At its launch this year, SEAM received over 200 applications from across Lab organizations. Gillette is hopeful that next year, the program can expand the number of participants enrolled while lowering the program cost per student. He points out, “The whole intent of the program is scalability. By having people work together in groups, connecting formally and informally throughout the course, we’re fostering a self-sustaining community.”
CSMS Safely Sources Cloud Solutions
Headed by CASC scientist Brian Weston, another ISCP project, Cloud Services for Mission Science (CSMS), is designed to help Livermore strategically integrate cloud-based workflows to enhance mission deliverability. “By leveraging tech industry innovations, we can significantly boost our research capabilities and throughput to reduce time-to-discovery,” says Weston. CSMS is, in a sense, a “matchmaking” effort between internal needs and external cloud services.

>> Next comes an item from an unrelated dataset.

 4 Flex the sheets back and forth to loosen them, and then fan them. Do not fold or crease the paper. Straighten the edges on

Livermore is a world leader in the hardware and software used to run physics solvers and simulations on high-performance computing (HPC) systems, but continually revamping data management strategies need not detract from its scientific research focus. “There are still many computing tasks that don’t require HPC. Science-enabling technologies such as databases, search engines, Jupyter notebooks, project management tools, and dashboards significantly enhance our overall productivity. These tools continue to develop, especially in the realm of machine learning operations and implementations of large language models [LLMs],” Weston says.

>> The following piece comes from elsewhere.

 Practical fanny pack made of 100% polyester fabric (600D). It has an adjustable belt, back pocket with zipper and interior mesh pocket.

Naturally, the Laboratory cannot rely on just any service to handle its information, which ranges in sensitivity from “Unlimited Release” to “Top Secret.” Federal agencies look to the authorizations issued by the Federal Risk and Authorization Management Program (FedRAMP), an initiative of the U.S. General Services Administration to provide standardized security certifications for assessing private cloud solutions for federal use. Weston and collaborating scientist Joshua DeOtte pay close attention to how Livermore data is classified, liaising between LivIT (which manages and secures the Lab’s IT needs) and mission areas to detect product matches.
Weston shares that a highlight of the project so far has been augmenting Livermore’s classified document management system. CSMS helped identify how Amazon Web Services could safely perform optical character recognition to read data from scanned documents. Then, LLMs could summarize the documents, and users could execute a semantic search to quickly find documents of interest. CSMS ultimately helped to locate existing services that met Livermore’s operational needs and security requirements, preserving resources that otherwise would have been devoted to developing brand new tools.
Going forward, Weston says CSMS is investigating further data management and engineering opportunities. Currently, a sizeable portion of the Laboratory’s data storage methods do not meet data management principles of findability, accessibility, interoperability, and reusability (FAIR), primarily due to historical data siloing. “We produce a lot of expensive data, so we need to make sure our management systems meet these principles. Several cloud-based data engineering solutions can help us reach that goal,” he says.
Gillette notes, “CSMS is standing up cloud services at the Lab. Meanwhile, our SEAM courses utilize cloud services to deliver online Python environments for educating our staff about ML methods. These themes of technology adoption and education go hand in hand.”